[RECORDED DATA — start]

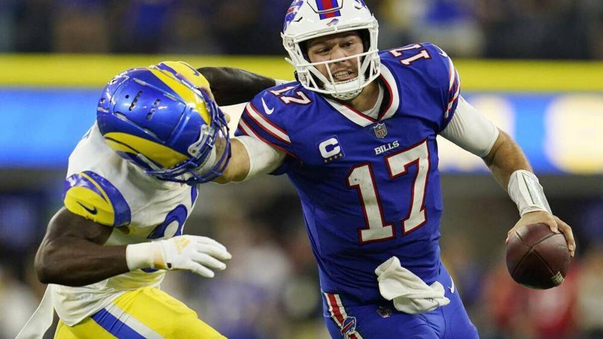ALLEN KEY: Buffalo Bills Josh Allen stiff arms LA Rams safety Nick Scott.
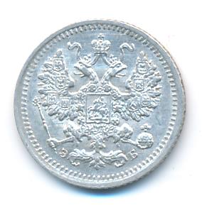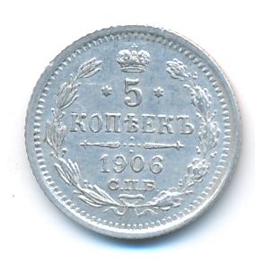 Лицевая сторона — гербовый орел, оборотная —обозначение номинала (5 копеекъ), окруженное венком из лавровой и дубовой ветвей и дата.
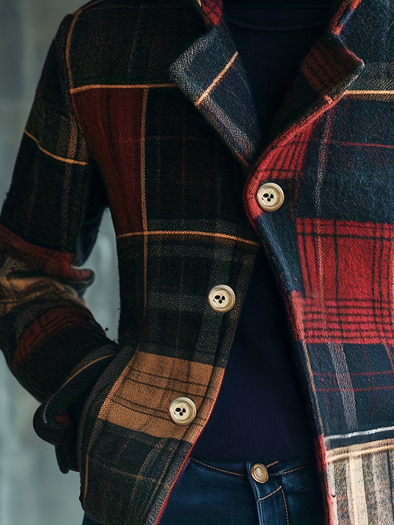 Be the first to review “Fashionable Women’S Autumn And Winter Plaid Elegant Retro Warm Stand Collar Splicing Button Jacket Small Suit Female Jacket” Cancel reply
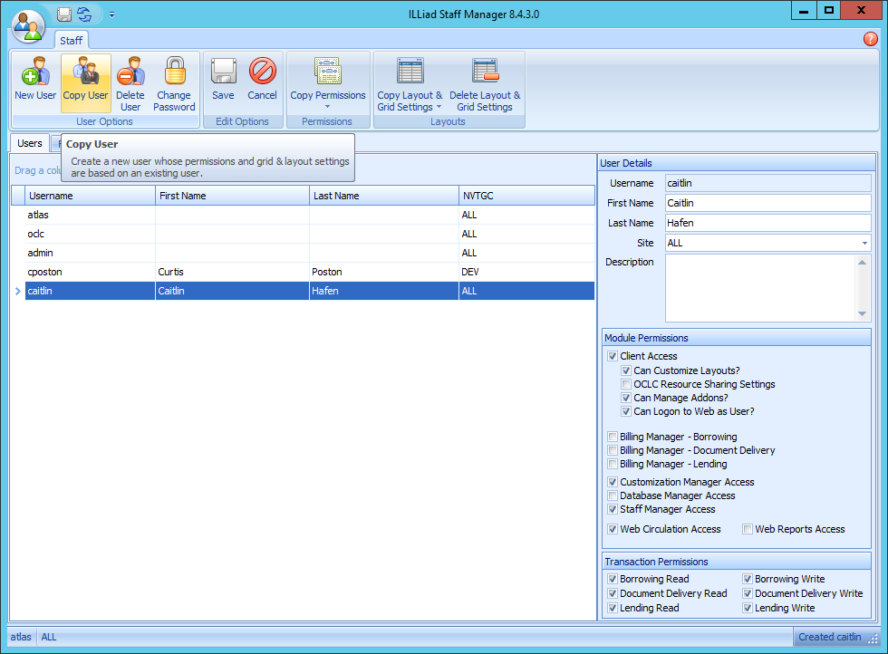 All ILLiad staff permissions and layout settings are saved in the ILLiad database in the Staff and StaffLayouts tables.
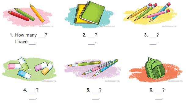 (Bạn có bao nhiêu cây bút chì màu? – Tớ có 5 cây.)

[RECORDED DATA — finish]

*WHAT TO DO:* Go through the entries above and output them exactly, without pictures.

*EXERCISE RESPONSE:*
ALLEN KEY: Buffalo Bills Josh Allen stiff arms LA Rams safety Nick Scott.
 Лицевая сторона — гербовый орел, оборотная —обозначение номинала (5 копеекъ), окруженное венком из лавровой и дубовой ветвей и дата.
 Be the first to review “Fashionable Women’S Autumn And Winter Plaid Elegant Retro Warm Stand Collar Splicing Button Jacket Small Suit Female Jacket” Cancel reply
 All ILLiad staff permissions and layout settings are saved in the ILLiad database in the Staff and StaffLayouts tables.
 (Bạn có bao nhiêu cây bút chì màu? – Tớ có 5 cây.)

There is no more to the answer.